L'histoire :
Texas, début des années 1970. Troy Falconer traverse l’Ouest comme on glisse entre les mailles d’un filet : sans adresse, sans métier, sans rien posséder. Il refuse l’idée même de « chez soi » et survit à coups de larcins rapides, surtout des voitures prises sur les parkings de motels, remplacées dès que la pression monte. Après des années à vivre ainsi, il réapparaît pourtant dans sa région d’origine et retrouve Harlan, son grand frère, laissé exsangue par une séparation brutale : sa femme est partie en lui laissant le vide… et en emportant l’argent. Troy a alors une conviction : reprendre la route, retrouver la fugitive et récupérer ce qui leur a été arraché. Sauf que la cavale déraille avant même d’avoir vraiment commencé. Dans un break volé pour filer plus loin, une présence invisible au départ s’impose : Martha Zacharias, une enfant mennonite en rupture avec les siens, était là, cachée, endormie. D’un instant à l’autre, le voyage « utile » devient fuite à haut risque. Entre contrôles, rencontres menaçantes et décisions impossibles, les frères sont entraînés vers la frontière, avec une question qui grossit à chaque kilomètre : jusqu’où Troy peut-il tenir sa logique du détachement quand une enfant dépend désormais de lui ?

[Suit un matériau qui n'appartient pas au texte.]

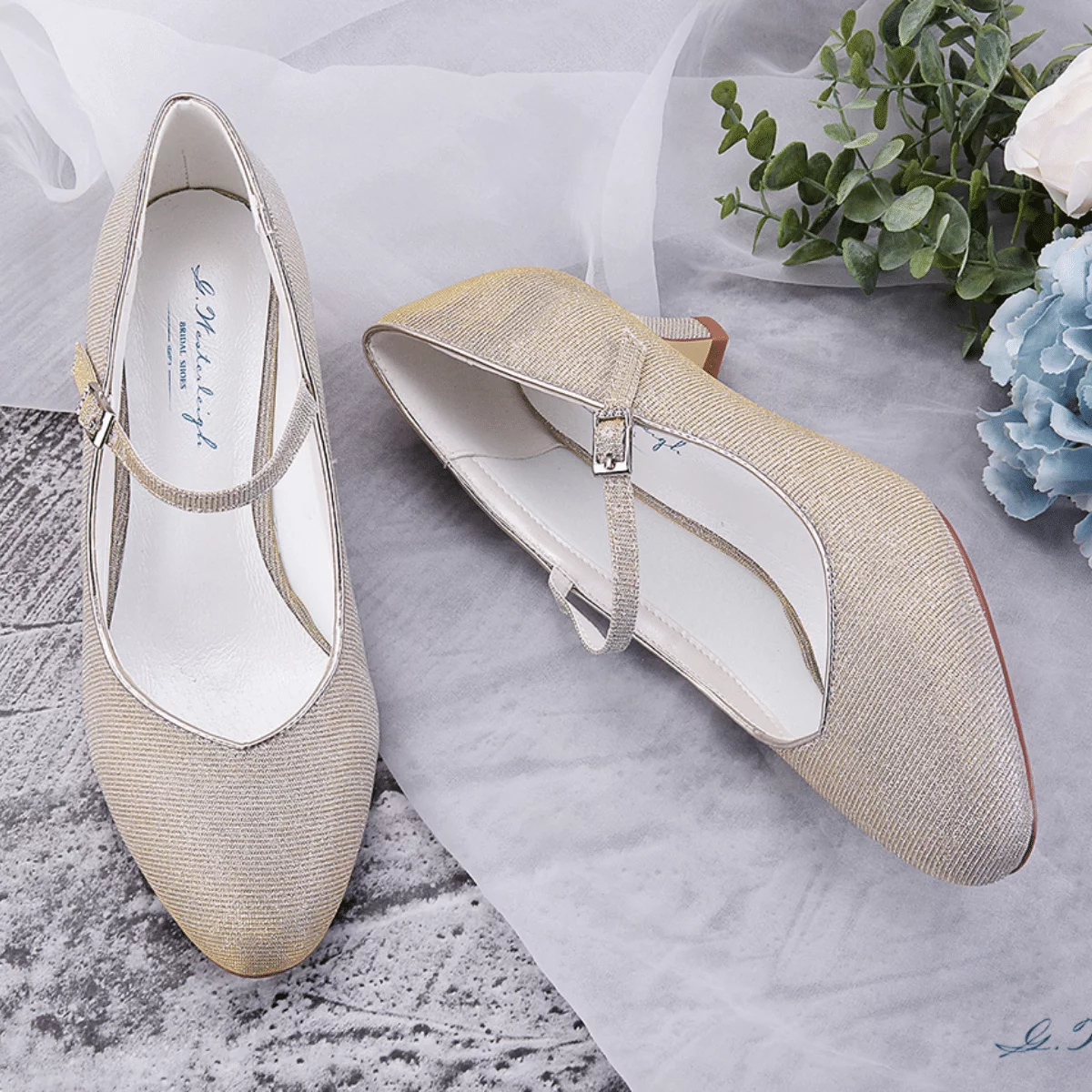 Die hübschen Brautschuhe Marietta von G. Westerleigh sind aus hochwertigem Textil in der Farbe Champagne (Gold) gefertigt. Die Farbe der Schuhe eignet sich ideal zu einem Brautkleid in der Farbe Ivory (Elfenbeinfarbe), Weiß oder einer anderen Farbe. Passender Schmuck und Accessoires in Gold ergänzen ideal diese hübschen Pumps. Passend zu diesen Brautschuhen / Abendschuhen empfehlen wir die passende Handtasche Segovia von G. Westerleigh. Die Länge des Brautkleids spielt bei diesem Modell übrigens keine entscheidende Rolle. Die Brautschuhe Marietta Champagne können sowohl zu einem langen wie auch zu einem kurzen Brautkleid getragen werden.

Ce qu'on en pense sur la planète BD :
Presidio fonctionne d’abord comme un road-movie noir : une mécanique de fuite, des décisions prises trop vite, et cette sensation permanente que la route n’offre jamais la sortie espérée. Le scénario de Simon Treins accroche en adoptant le point de vue du cadet, Troy, personnage paradoxal : ultra-lucide dans l’art de survivre, mais aveugle dès qu’il s’agit d’émotions. Son refus de la propriété n’est pas un slogan, c’est une armure. Et c’est justement cette armure que le récit s’emploie à fendre, en le forçant à composer avec un grand frère en miettes et, surtout, avec Martha, qui déplace le centre de gravité de l’histoire. L’adaptation du roman de Randy Kennedy se ressent dans la manière de laisser travailler les silences et les zones grises. L’album ne cherche pas l’esbroufe : il préfère les tensions souterraines, les petites phrases qui font mal, les scènes de transition qui disent l’épuisement et l’impasse. Par moments, le rythme peut sembler plus posé que prévu pour un récit de cavale, mais cette respiration sert aussi le propos. Ici, la violence n’est pas un feu d’artifice, c’est une conséquence. Sur le plan graphique, Thibaud Villanova installe un réalisme rugueux, très « terre », qui colle aux motels fatigués, aux parkings nocturnes et aux routes interminables. Les cadrages respirent, prennent le temps d’ancrer les lieux, et rendent crédibles les corps – un peu lourds, un peu cassés, toujours sur la défensive. La couleur de Bertrand Denoulet joue un rôle clé : tons poussiéreux, lumières de néons, nuits épaisses… une palette qui enveloppe l’album d’une chaleur sèche et d’une mélancolie constante, comme un soleil qui n’éclaire jamais tout à fait. Au final, Presidio coche beaucoup de bonnes cases : une atmosphère solide, des personnages qui existent, et une montée en tension bien menée. Ce n’est pas le polar qui retourne la table, mais c’est une lecture efficace, tenue, avec ce petit supplément d’âme qui reste une fois la dernière page tournée.